Recensione: LITTLE BROTHER di Cory Doctorow

Titolo: Little Brother
Autore: 
Cory Doctorow
Editore: Multiplayer.it
Pagine: 368
Anno di pubblicazione: 2015 

Prezzo copertina: 14,90


Recensione a cura di Marika Bovenzi

Little Brother è il nuovo romanzo distopico di Cory Doctorow. Un romanzo che mette a nudo la politica, l’informatica e i sistemi giudiziari. Protagonista della storia è Marcus, un giovane studente della Chavez High School a San Francisco. È uno dei ragazzi più abili ad eludere il nuovo sistema di sorveglianza installato dal preside per monitorare le attività degli studenti minuto per minuto. Marcus però conosce i segreti della rete e riesce a disattivare tutti i dispositivi di sorveglianza.

Lui ed i suoi amici Jolu, Vanessa e Darryl possono divertirsi per le strade della città senza incappare in pesanti punizioni, fino a quando un giorno una potentissima esplosione distrugge il centro di San Francisco. Il posto sbagliato nel momento sbagliato fa si che i quattro vengano incolpati ed arrestati per essere stati coinvolti nella strage. Da quel momento in poi tra prigionia e torture, i ragazzi vengono posti difronte alla crudeltà della Polizia e dello Stato. Di li a poco, una volta libero, Marcus da vita ad una comunità di ribelli il cui scopo principale è quello di porre un freno all’abuso di potere da parte del Dipartimento di Pubblica Sicurezza.

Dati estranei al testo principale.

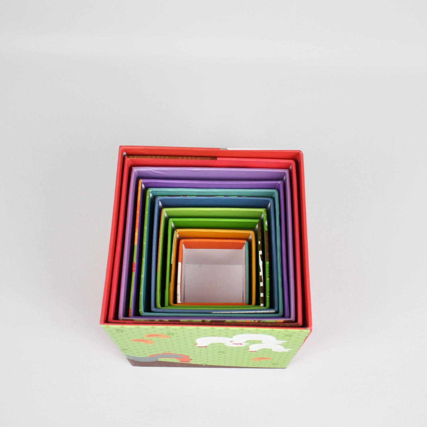 Graduating in size, these delightful stacking cubes need to be stacked in the correct order, from largest to smallest, to create a tower.

Riuscirà il protagonista a riportare l’ordine nella sua cittadina?

L’ambientazione è semplicemente perfetta. Una San Francisco distopica, governata da telecamere, informatica, leggi, regolamenti, opinione pubblica e disobbedienza civile elettronica. Ad agire in questo territorio corrotto e avanzato ci sono due gruppi: da un lato gli hacker guidati da Marcus, dall’altro la Polizia segreta. Entrambe le fazioni sono ossessionate dai computer. La Polizia utilizza un potere informatico accumulato in segreto durante la Guerra, mentre gli hacker tentano in tutti i modi di resistere e arginare questa violazione. Marcus invece, protagonista della storia, si presenta come nazionalista, patriottico, intelligente, impaziente ed idealista.

Attraverso lo stile, incalzante e accattivante, si percepisce la tensione narrativa che rende il libro emozionante e trascinante. Il romanzo trova riscontro inoltre con due opere della letteratura classica internazionale: da un lato riprende la struttura narrativa di Jules Verne ne “Il giro del mondo in 80 giorni” - non a caso il catalogo degli imprevisti del viaggiatore, si trasforma in quello degli hacker con tutti i problemi informatici che possono accadere in breve tempo -; dall’altro risulta essere un elogio a “1984” di George Orwell e al suo essere “profetico” narrando di drammi che sono avvenuti a persone in società lontane. Un libro da cui si può imparare molto sulla sicurezza informatica e sul mondo degli hacker.

L'AUTORE
Cory Doctorow è autore di fantascienza e di romanzi young-adult, attivista, giornalista e blogger, co-editor di BoingBoing.net, weblog tecnologico tra i più amati dalla rete. Scrive su Wired, The Guardian, Publisher Weekly, Make, Locus e altri. Gli sviluppi dell’editoria digitale, le mutazioni dell’informazione nei tempi di internet, le implicazioni sociali ed economiche delle tecnologie e le loro traiettorie future sono tra i suoi temi preferiti.
Cory con i suoi romanzi ha vinto numerosi premi letterari e l’Entertainment Weekly l’ha definito «il William Gibson della sua generazione». Doctorow ha rivestito per quattro anni il ruolo di coordinatore degli affari europei per la Electronic Frontier Foundation, contribuendo a creare l’Open Rights Group UK. Nato a Toronto, Canada, ora vive a Londra.